Although the forward reaction is favoured by a lower temperature, too low a temperature means that the rate of the forward reaction is too slow. The particles have very little kinetic energy at low temperatures so do not move a great deal and collide infrequently. Hence a moderate temperature is used (about 450°C).

Use of a catalyst

A catalyst speeds up a reaction without altering the position of equilibrium. In the Haber process a catalyst of iron is used. The iron speeds up both forward and reverse reactions but will actually help in producing ammonia. Without the catalyst the overall production of ammonia is too slow.

Pressure in the Haber process

As 1 mole of nitrogen and 3 moles of hydrogen (a total of 4 moles of gas) react to form 2 moles of ammonia, the overall effect is a reduction in the number of moles of gas. This means that any factor that squeezes gas particles together to reduce gas volume favours the forward reaction.

The forward reaction is favoured by high pressure. A pressure of 200 atmospheres is used.

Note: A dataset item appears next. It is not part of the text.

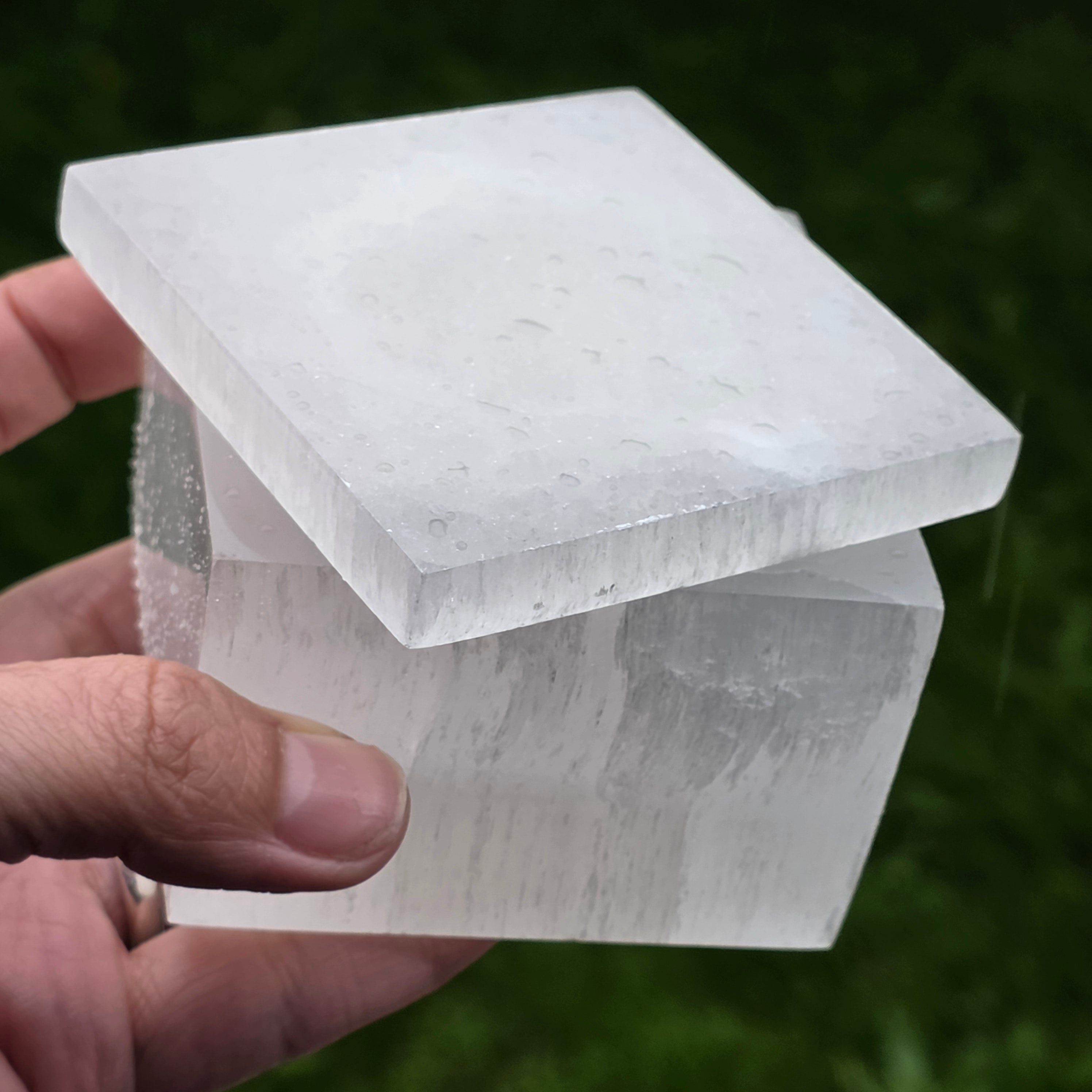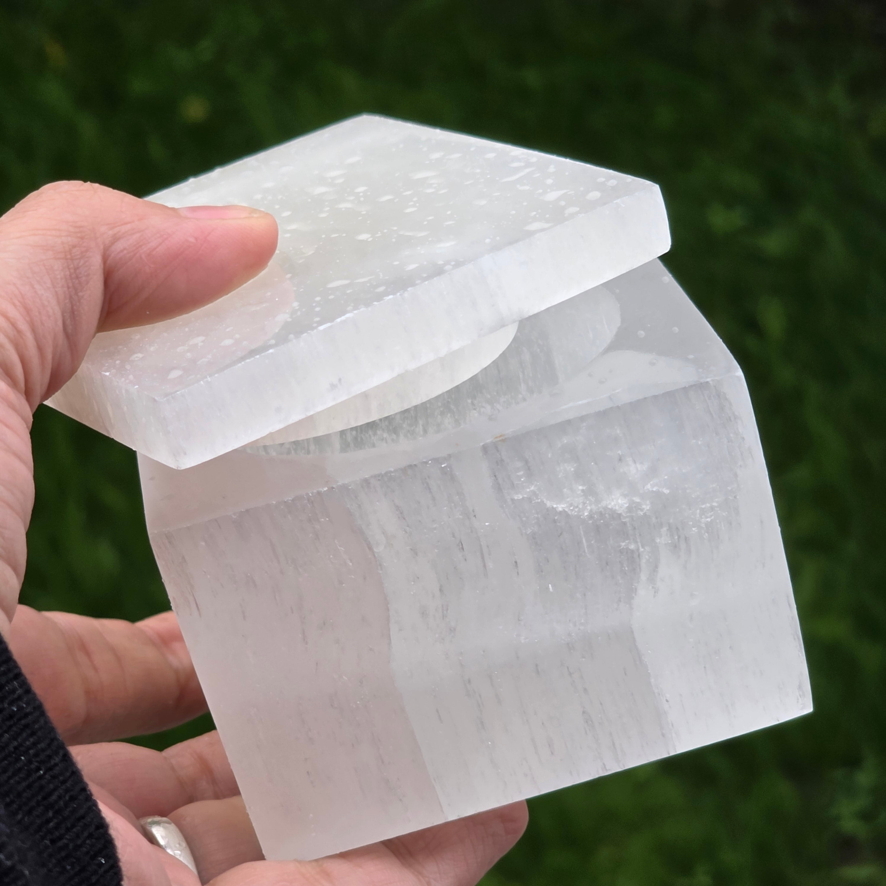 A szelénit doboz az egyik legkifinomultabb darab, amelyet ebből a fényes ásványból készítettek, egyszerre funkcionális és dekoratív szobor. Kézzel készített, minőségi marokkói szelénit tömbökből, a darab megőrzi azt az utánozhatatlan „megszilárdult fény” hatást – a kő átlátszó szálai finom, selymes fényvisszaverődéseket hoznak létre, melyek újra és újra megtekintésre csábítanak.

If the pressure was higher the yield would increase but the cost of the apparatus to withstand higher pressures would be too great.

In short Chemical reactions are usually irreversible because of the energy put in to make them occur:

• some chemical reactions are, however, reversible

• the Haber process produces ammonia and involves a reversible reaction

• in the Haber process nitrogen reacts with hydrogen to form ammonia

• nitrogen is obtained from liquid air and hydrogen is obtained from heating steam with methane

• nitrogen and hydrogen react in the ratio 1:3 forming 2 units of ammonia

• the formation of ammonia is exothermic

• the Haber process uses a moderate temperature, a high pressure, and a catalyst

• catalysts speed up reactions without altering the position of equilibrium.